10) . I’ve been meditating a lot on the Bible and how we know what it means. The immature answer “It means clearly what it says” doesn’t work for me. I see too many Christians and denominations saying it means something different. So how do we know what it means? These questions of a bible hermeneutic are constantly on my mind the last five years—especially since I talk about it several hours a week with my colleague, Ken Schenck. As mentioned above, I see how the church has a role in determining what the Bible means, but I’ve got to think more about this before I write more on it. Right now I am objecting to the “original meaning” scholars who argue that the Bible can only mean what it originally meant. These scholars mock my students quoting Jeremiah as if God meant He actually had plans for them personally. This group of evangelical scholars argue that the meaning of the Bible is locked up in the original meaning—and SURPRISE—only they have the key, since the ordinary person can barely access the ancient meaning of the text, I am wondering if this is any better than the medieval Catholic church when the Pope controlled the meaning of the Bible. I’m increasingly being convinced the Bible can be read today by people today and God speaks through the Bible in ways the ancient writers would not even understand. This “Bible as sacrament” notion is how I was raised, how most of the evangelical church lives, and how all the most spiritual people I know use their Bible. Are all these folk wrong and the “original meaning mafia” right? Or is the “original meaning is the only meaning” crowd about to pass off into history as a new generation of (postmodern?) scholars rise up to scoff at their predecessors fetish with the original meaning—as if they could actually get it by their precious literary method. I’ve got to think a lot more on this because I’ll be getting some powerful Bible scholars at Asbury and elsewhere really mad if I write it. So I’ll just keep thinking about it.

15) Are we free to change sacraments? That is, can the church drop a “sacrament” or demote it and invent new ones? If a sacrament is a God-ordained means of grace—a channel through which God prefers to pour his power and grace—can God discard old sacraments like wineskins and raise up new one like holy laughter?
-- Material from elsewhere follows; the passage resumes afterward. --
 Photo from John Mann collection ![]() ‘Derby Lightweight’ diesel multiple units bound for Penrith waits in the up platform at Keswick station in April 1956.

Or more direct for revivalists like my own denomination, can we demote the sacrament of Holy Communion and replace it with personal devotions as the chief form of spiritual growth? And can we demote baptism and replace it with the altar call conversion as our new sacrament of induction into the kingdom? Or, is it OK for my students to consider “worship” (meaning the musical praise part of the service) as the primary sacrament—the primary channel of God’s changing grace for them today?
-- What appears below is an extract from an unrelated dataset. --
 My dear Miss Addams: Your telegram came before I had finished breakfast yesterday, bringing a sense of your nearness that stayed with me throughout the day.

16) Should I even be thinking about these things? Is it good to think? Or is it dangerous? Should I spend more time dreaming up new programs for pastors to initiate in their local churches? These things I’m thinking about aren’t directly demanding in the “real life” local church. Has my thought life become representative of the ivory tower academic world more than grass roots local church? Is it a waste of time for me to think (and write) about such things?

2 comments:

Margaret Feinberg said...

So true.... struggling to figure out church for myself for so long... it's mystery, wonder and brokenness all wrapped up into one organic human affair...
I sometimes wonder if there are stages for people in our generation for understanding, accepting and being part of the modern church. Any thoughts anyone?

Keith Drury said...

excellent comments here--I should just read YOUR reader's comments instead of my own--good thinking.